The partial inhibitions in fluid transport with HgCl2 and antisense oligonucleotides, together, are consistent with these manipulations, resulting in blockage of water channels. However, the initial rate of fluid transport by the cells incubated with antisense oligonucleotides (Fig. 5) appears to be as large as the rates seen in Figs. 1 and 4; it is only later, during those experiments, that the inhibition gradually appears. To determine whether the effect by AQP1 antisense oligonucleotide was specific, we performed Western and Northern blots on the protein extracts and mRNA preparations, respectively, from NPE cells after oligonucleotide treatment.

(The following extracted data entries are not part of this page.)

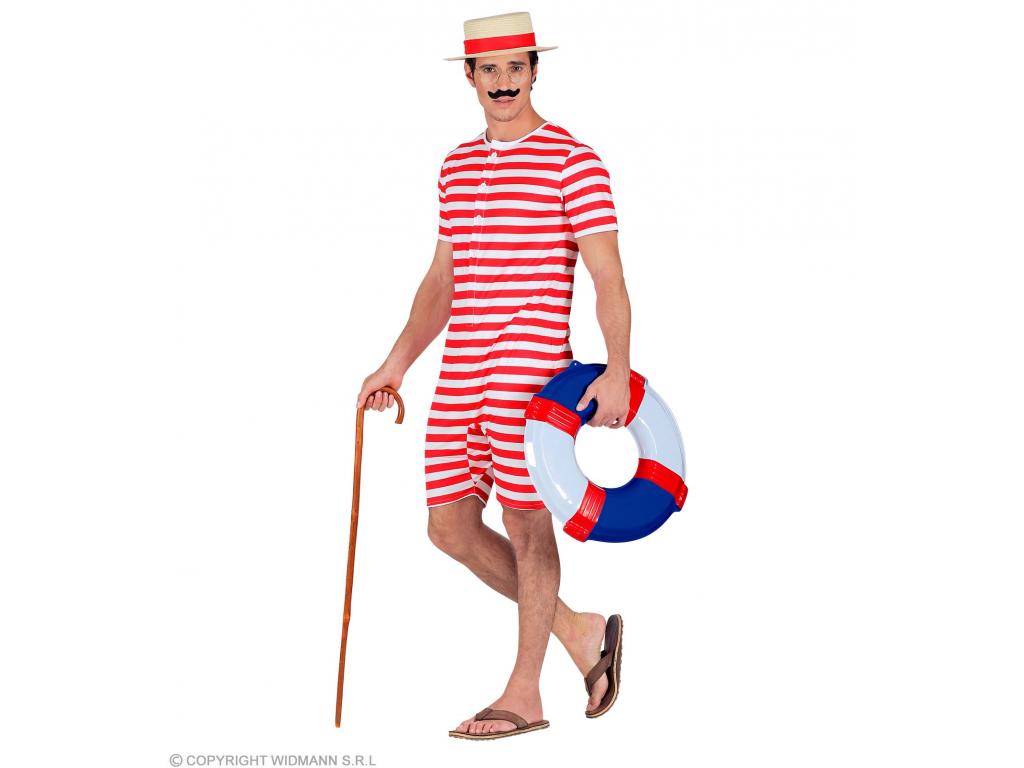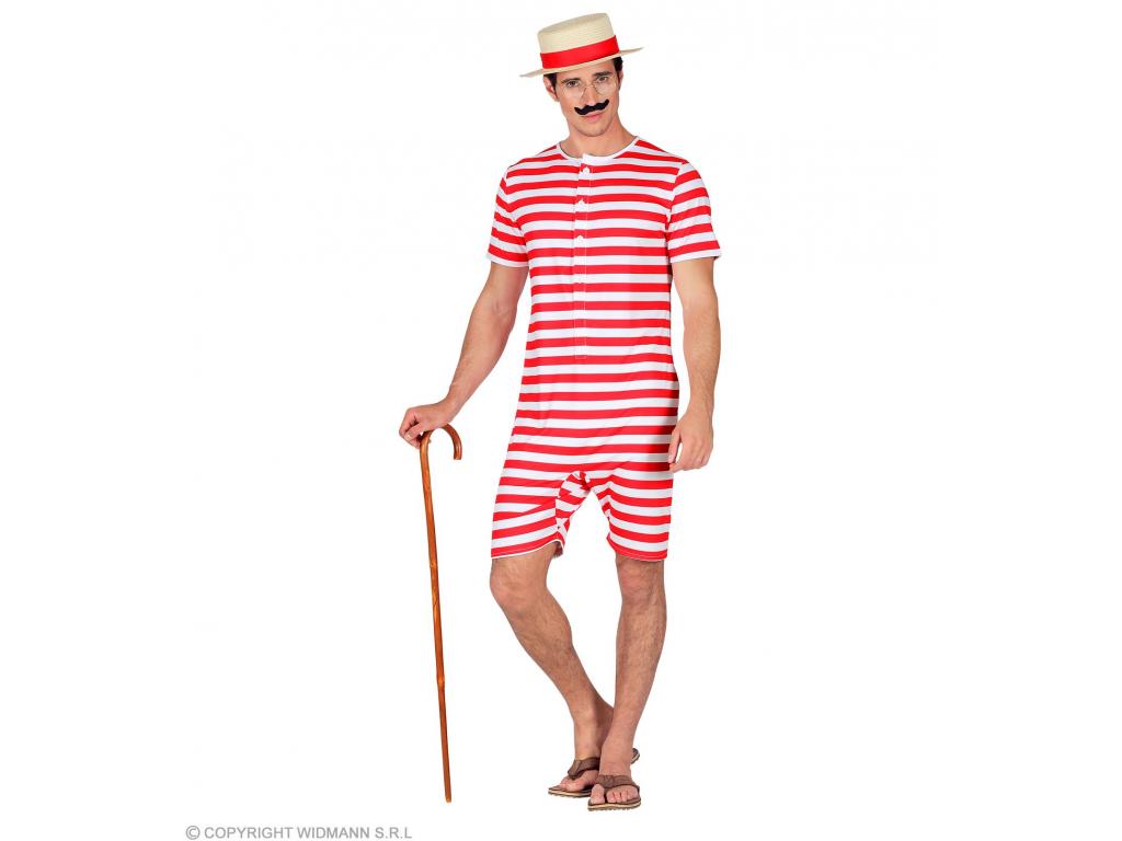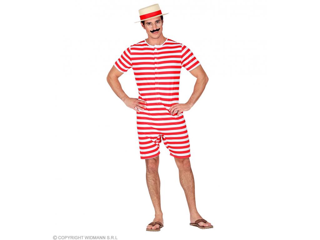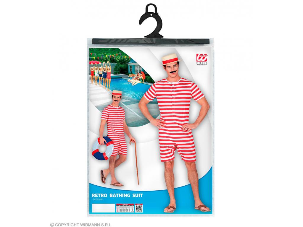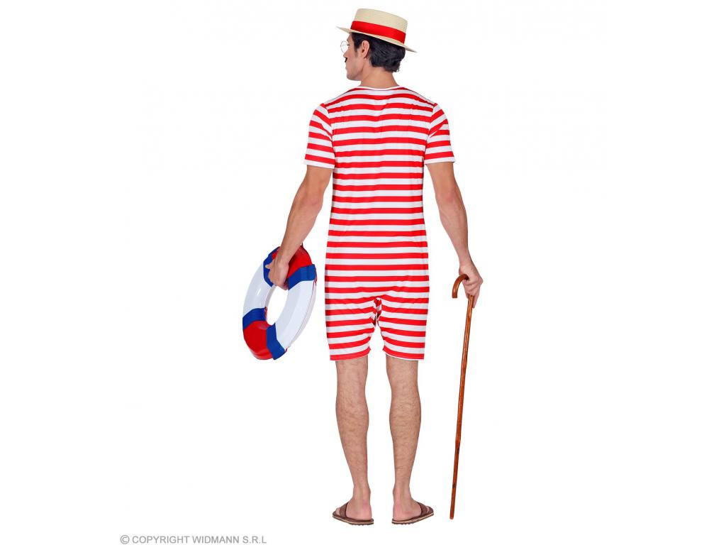 A Retro fürdőruha piros fehér csíkos férfi jelmez leírása: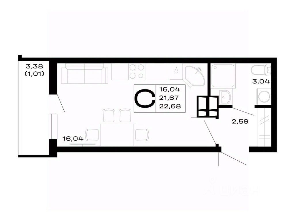 Общая площадь22,68 м²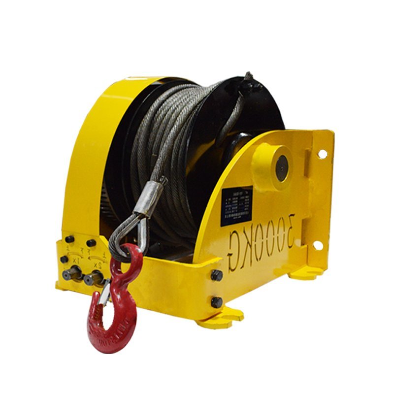 Hand-operated dual-speed winch, compatible with electric and pneumatic tools, offering both fast and slow speed options. Ideal for various applications in remote areas such as wilderness, shores, and mountains where power input is unavailable.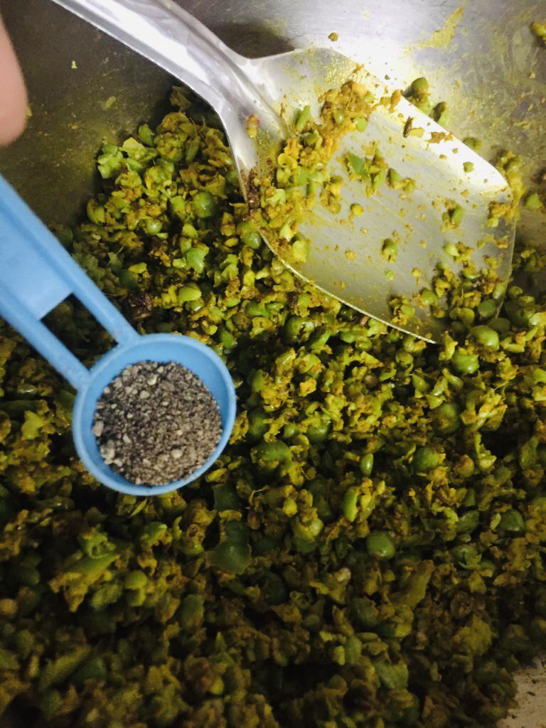 | NOW ADD 2 tbsp PREPARED PANEER & PEAS STUFFING |

In Fig. 6, AQP1 antisense oligonucleotide treatment with NPE cells significantly decreased the protein concentrations (lane 2) and moderately reduced mRNA levels (lane 4) compared with the AQP1 nonsense oligonucleotide treatment (lanes 1 and 3), which had no effect on the AQP1 protein and mRNA levels. The inhibitory action of antisense oligonucleotide at the transcriptional level may be due to the degradation of antisense oligonucleotide-mRNA heteroduplex by RNase H, which destroys the RNA but leaves the antisense oligonucleotide intact to hybridize with yet another mRNA target, due to the inhibition of specific RNA processing steps such as 5' capping, splicing, and nuclear export. There were no differences in AQP1 protein or mRNA levels in cells treated with or without nonsense oligonucleotide treatment (data not shown).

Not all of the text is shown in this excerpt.